Я улыбнулся и сказал, что воспользуюсь изобретением Альберта, – прочерчу в окне крест фонарем, и ты будешь знать, что это я. И вышел на мороз, но теперь по телу у меня уже разливалось такое тепло, что никакая стужа была мне не страшна. Я быстро добрался до каретного сарая, а оттуда направился к харчевне, как вдруг вспомнил: фонарь я забрал с собой, так что Томас шел тут один в кромешной тьме. Укоряя себя, я дошел до заднего крыльца, на самой нижней ступеньке которого свет фонаря выхватил из мрака большой сугроб. Прежде там его не было… Я наклонился, и вдруг сугроб зашевелился.

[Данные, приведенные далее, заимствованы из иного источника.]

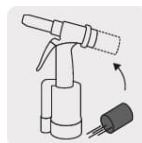
Recolector de vástagos
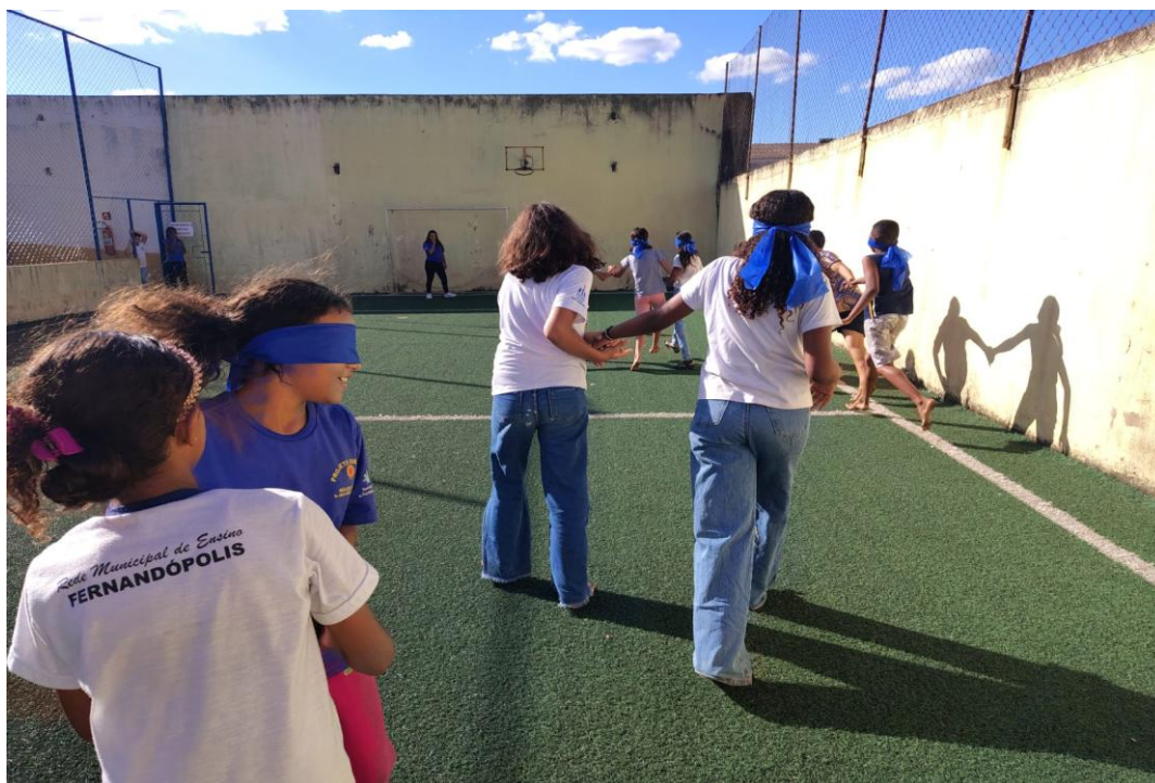
Oficina de Atividades Esportivas

Utilidade Pública Federal pela Portaria nº 972 de 2 de agosto de 2002

– Пе… Петтер… это ты… хорр-рошо… – Зубы у профессора стучали, и он еле выговаривал слова. Я подхватил его под руки и помог приподняться. Он охнул и пожаловался на боль в ноге.
Как я понял, Томас, поднимаясь по ступенькам, поскользнулся, ударился головой об лед и запросто мог бы замерзнуть насмерть. Довести его до нашей комнаты оказалось делом непростым: он совсем ослаб, и тяжесть его грузного тела прижала меня к перилам. К счастью, заслышав шум, к нам вышел хозяин и помог затащить Томаса наверх. Мы уложили его в постель, я сбегал в харчевню за углями и дровами, а трактирщик подогрел кружку молока – и мы напоили Томаса. Тогда он уснул.
Хозяин пошел к выходу, у двери обернулся, молча посмотрел на нас и исчез в коридоре. Его взгляд мне не понравился: в нем светилось злорадство. Он словно думал: “Ну вот, теперь и профессора можно вычеркнуть”. Я взглянул на кружку из-под молока. Возможно, там было не только молоко? Я притронулся к щеке Томаса: теплая, но не горячая. В ядах я не разбирался, поэтому, даже если трактирщику и вздумалось бы отравить профессора, я бы ничем не помог. К тому же вряд ли фон Хамборк решился бы в открытую отравить Томаса. А следующей жертвой стал бы я.
Нет, хватит, мне уже на каждом углу мерещатся убийцы!
Я с трудом стащил с профессора одежду и укрыл его одеялом. Дышал профессор тяжело и несколько раз закашлялся во сне, однако мне этот кашель показался совершенно обычным.
Я присел на кушетку, но тут же вскочил и принялся расхаживать по комнате. Втаскивая Томаса по лестнице, я едва не надорвался, однако мысли мои оставались ясными, как никогда. Вспомнив о Марии, я направился к двери, однако в этот момент Томас шевельнулся, я вернулся на кушетку и попытался подумать о чем-нибудь другом. Разговор с Бигги. Обо всем ли я успел спросить? Не упустил ли чего важного? Наверняка упустил, но в голову ничего не приходило. Я воскрешал в памяти подробности нашего с Бигги разговора, и меня не покидало ощущение, будто Бигги сказала что-то важное… Или сделала? Ну да, что-то она говорила… И это помогло бы нам разоблачить убийцу? Нет, вспомнить не получалось…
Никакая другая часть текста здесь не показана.